Through adjusting thermal insulation layer height and rising or falling speed thereof, can lift means such as rotation, cooling through adjusting water coolant, seed rod and chuck in addition and carry out the thermal field adjusting, the thermal field adjustability is better, and regulation range is bigger, responds more timely.
In the different steps of crystal growth, to the thermal field demand of its different steps, a kind of embodiment can but be not limited to be: melt on the stage thermal insulation layer position minimum so that reduce energy consumption; The difficulty of critical process so that improve thermograde, is reduced in thermal insulation layer position on can improving slightly in inoculation, shouldering stage, helps improving yield rate and quality; Thermal insulation layer invariant position in the isometrical maintenance of Cheng Qian semiosis excessively can guarantee crystal mass; Reduce at isometrical process second half section crystallization power; Increasing motivating force by cooling merely can cause crystalline growth velocity not controlled too soon; Go up thermal insulation layer to certain altitude through promoting with certain speed this moment, can overcome this shortcoming, improves the afterbody crystal mass greatly; Simultaneously since motivating force increase, can the growing large-size crystal; In annealing stage and cooling early stage, last thermal insulation layer is placed on extreme lower position can strengthen the effect of annealing, and cuts down the consumption of energy; Thermal insulation layer is placed on the extreme higher position to accelerate cooling on the cooling later stage, shortens growth cycle.In sum; In a complete crystal growing process,, can satisfy the required different thermal fields of the different growth phases of crystal effectively through different positions and the rising or falling speed of adjusting thermal insulation layer; Can improve crystal mass and yield rate greatly; Simultaneously, effectively improve the stable and repeated of technology, be particularly suitable for the industrialization production of large size sapphire crystal.

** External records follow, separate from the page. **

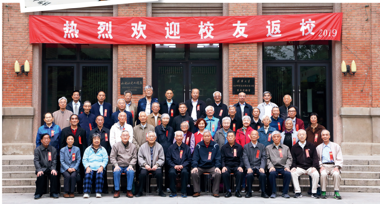
老校友们集体合影留念

校友们深情回顾了当年在校时的学习、生活，以及毕业后投身祖国建设的奋斗经历。张超然院士还为同学们作了题为《中国的大坝建设与技术创新》的报告。大家为今年80岁的校友集体庆祝生日，期待将来再次欢聚在母校。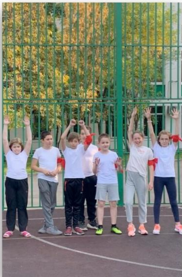
Младшие школьники (1-4 класс):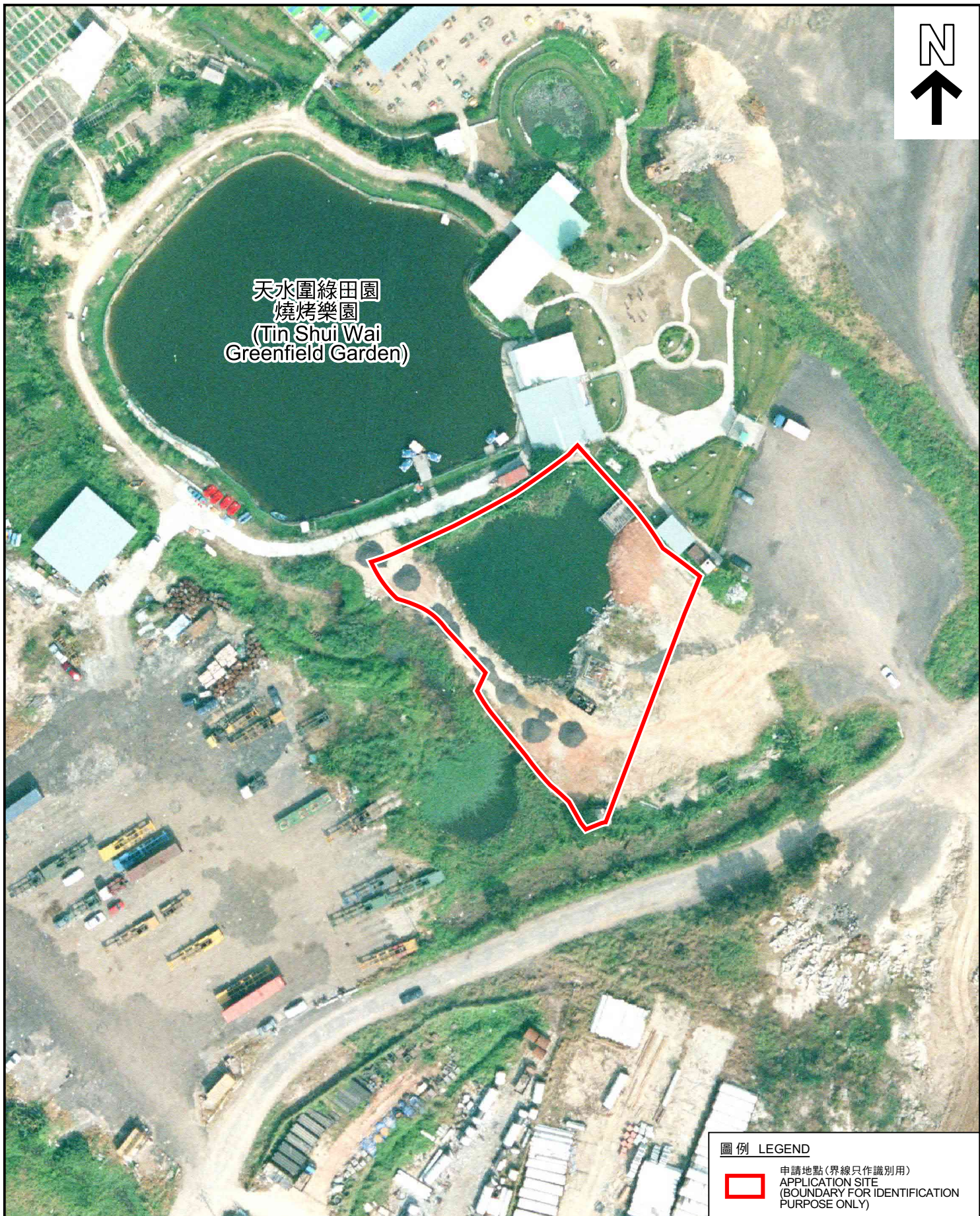
天水圍綠田園 燒烤樂園 (Tin Shui Wai Greenfield Garden)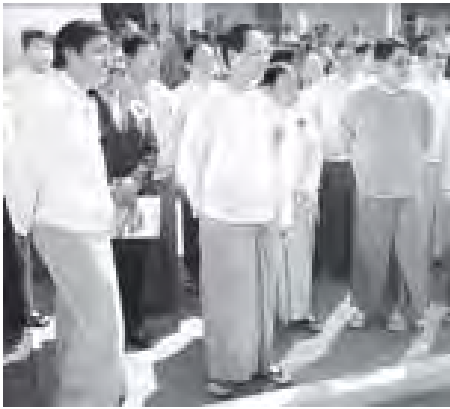
★ ရွှေမုံမှ

ထို့နောက် ဒုတိယသမ္မတ ဒေါက်တာ နိုင်းမောင်မောင်သည် ဧရာဝတီတိုင်း ဒေသကြီး ပုသိမ်မြို့ရှိ ဧရာဝတီ ဘောလုံးအကယ်ဒမီဖွင့်ပွဲအခမ်းအနား သို့ တက်ရောက်အားပေးခဲ့ကြောင်း၊ အခမ်းအနားသို့ ပြည်ထောင်စု ဝန်ကြီး ဦးတင်ဆန်း၊ ဧရာဝတီတိုင်း ဒေသကြီး ဝန်ကြီးချုပ် ဦးသိန်းအောင်၊ ဒုတိယဝန်ကြီးများ၊ ဧရာဝတီတိုင်း ဒေသကြီးဝန်ကြီးများ၊ ဌာနဆိုင်ရာ အကြီးအကဲများ၊ အာရှဘောလုံး အဖွဲ့ချုပ်(AFC)မှ General Secretary Dato Alex Soosay၊ မြန်မာနိုင်ငံ ဘောလုံးအဖွဲ့ချုပ်ကမ္ဘာ့ဥက္ကဋ္ဌ ဧရာဝတီ ယူနိုက်တက်ဘောလုံးအသင်းဥက္ကဋ္ဌ ဦးရန်ဝင်းတို့က မဲကြိုးဖြတ်၍ ဖွင့်လှစ်ပေးကြသည်။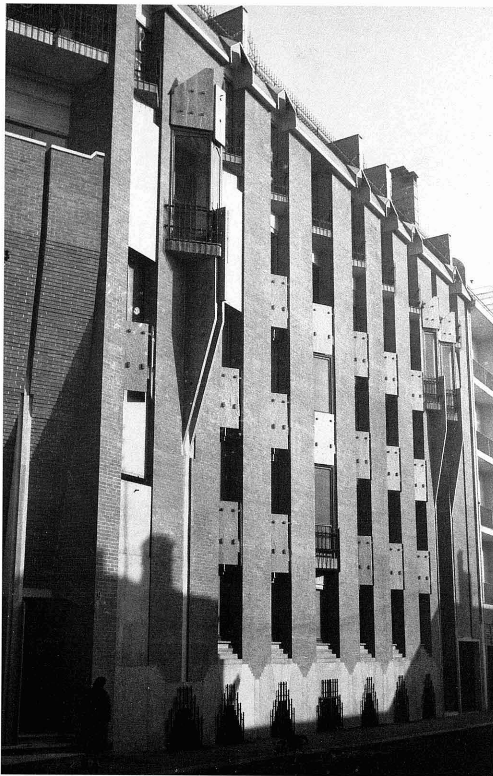
1. Vista de la façana de la «Bottega d'Erasmus».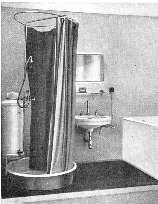
Fig. 38 Ausstellung EWZ/EKZ in Zürich. Ein Beitrag zum Kapitel «Baden». Im Vordergrund die neue, auf Anregung der EKZ geschaffene Spardusche. Exposition des EWZ/EKZ à Zurich. Coup d'œil sur le chapitre «bains». En avant, la nouvelle douche économique construite d'après les indications des EKZ.

sonderer Erfolg zuteil. Die Ausstellung war denn auch rein fachlich sehr gut aufgezogen und bot ausserdem durch eine Reihe von Vorträgen hervorragender Fachleute reichhaltige Anregungen auf den verschiedensten Gebieten der Hauswirtschaft und der Gesundheitspflege. Die Fig. 38 bis 40 geben ein Bild über die vorbildliche Anordnung der Apparate in einigen Ausstellungskojen.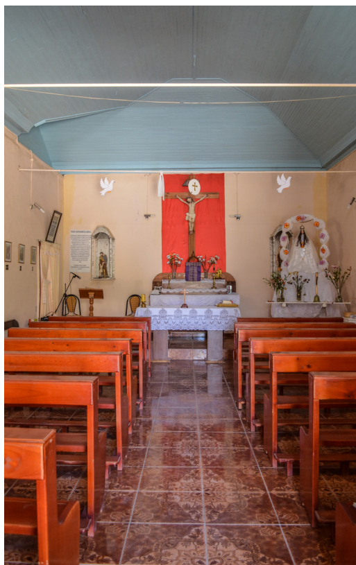
Vista hacia el altar.

Interiormente la nave revestida en piso cerámico, es coronada por una bóveda que no alcanza a configurar un cañón corrido, con cielo de entablado de madera. A diferencia de la mayoría de las iglesias catastradas, no posee retablo, y remata la nave, la imagen de un gran Cristo crucificado. Al final de la nave se encuentra el presbiterio, desde el cual se accede a la sacristía, recinto con estructura y revestimiento de cubierta a la vista. Desde el coro, sobre el acceso de la iglesia, se accede a la torre construida en madera, con el sistema de uniones simple clavadas, sin uso de ensamblés.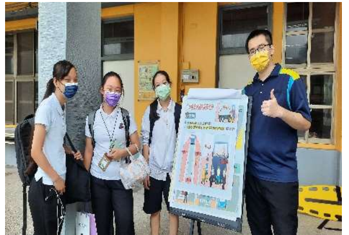
110.10 交通安全月一黑莓來打卡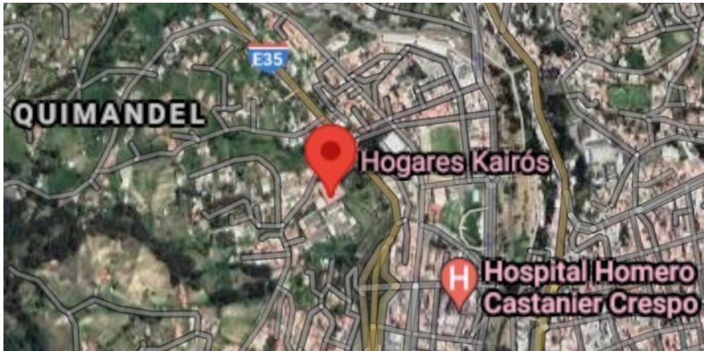
Imagen 1. Ubicación Hogares Kairós CETAD-Azogues.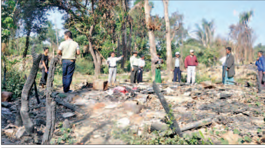
စံပြုကျေးရွာအဖြစ်တည်ဆောက်ရန် မြေနေရာ ကြည့်ရှုစစ်ဆေးစဉ်။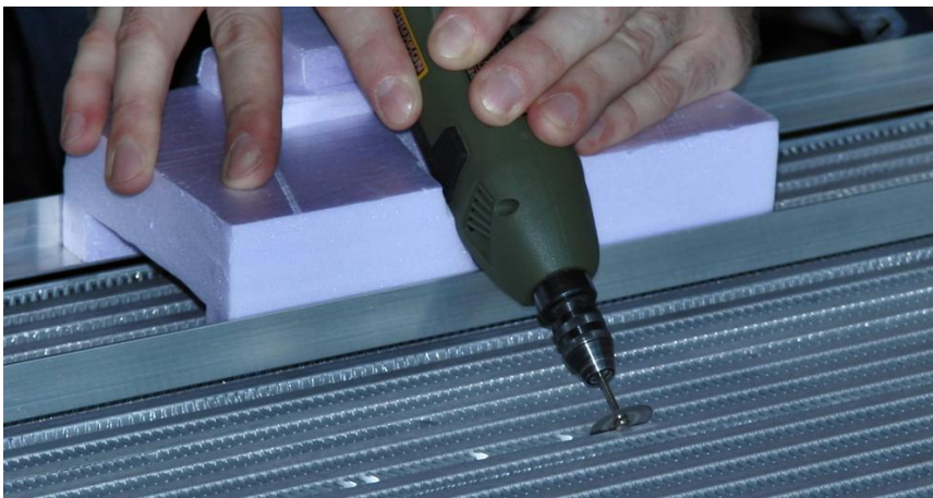
Úpravy voštinového systému

Funkční vzorek výměníku voda-vzduch má upravený voštinový systém. Tyto vývojové úpravy mají za cíl snížit odpor chladícího vzduchu, proudícího skrz výměník, při zachování výkonových parametrů z hlediska přestupu tepla. Výměník je určen pro měření vlivu úprav voštin na sledované parametry na aerodynamickém tunelu. Jeho cílem je podpořit výzkum v oblasti tepelných výměn ve výměnících. Fotografie ukazuje modifikaci voštinového systému na chladiči.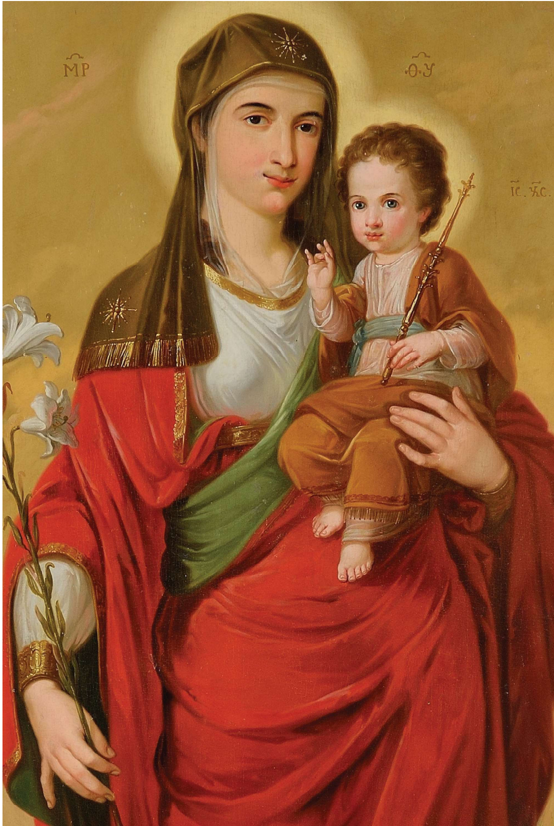
Бојородица са Христџом (деталј), икона са иконостаса српске цркве у Табану, 1820. год., Арсеније Теодоровић, уље на платну, каширано на дрвену подлогу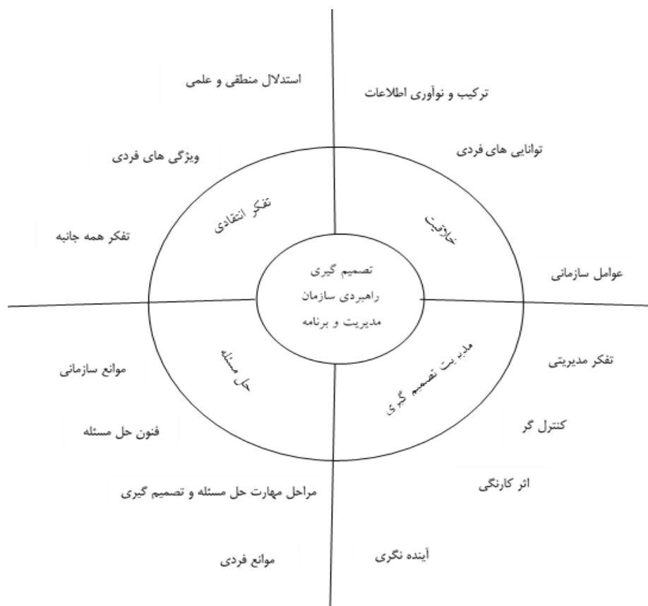
شکل شماره (۲) مدل نهایی تحقیق

To distinct device, with between the different heats of equipment and the thermal field difference that causes of feeding quantity difference; In conjunction with to growth parameter(s), summaries of experience such as phenomenon and the crystal mass situation of coming out of the stove are analyzed in the different steps stove, can confirm to go up the different heights position and the height control mode of thermal insulation layer according to the difference of thermal field difference; Can reduce the thermal field intensity of variation between the individuality; Simplify process program, help safeguarding and the stability that improves thermal field and repeated, be particularly suitable for the large size sapphire crystal industrialization and produce.
Claims (4)
1. kyropoulos crystal growing furnace that thermal field is adjustable; Mainly comprise heat protection screen lifting device (1), body of heater (2), water cooled electrode (3), vacuum pipe (4), heating element (5), crucible (6), crucible support system (9), following thermal insulation layer (10), side thermal insulation layer (11), go up thermal insulation layer (13) and rotation and pulling apparatus (16) etc.; It is characterized in that heat protection screen lifting device (1) links to each other with last thermal insulation layer (13); The inside of heating element (5) thermal insulation layer (10), side thermal insulation layer (11), last thermal insulation layer (13) in crucible (6) outside and under being positioned at; Crucible (6) is positioned on the crucible support system (9); Body of heater (2) is provided with vision slit (15) and is convenient to observe crystal (7), melt (8), seed crystal (12), seed rod (14), seed rod (14) through the rotation and pulling apparatus (16) but oscilaltion and rotation.
2. the kyropoulos crystal growing furnace that a kind of thermal field according to claim 1 is adjustable; It is characterized in that; Last thermal insulation layer (13) connects through the top cover lifting device (1) that is fixed on the body of heater; Its position all can be adjustable continuously in position and speed in the 0-100mm altitude range of crucible upper limb position, makes the residing heat radiation final condition of crucible and material change, thereby realize that thermal field is adjustable.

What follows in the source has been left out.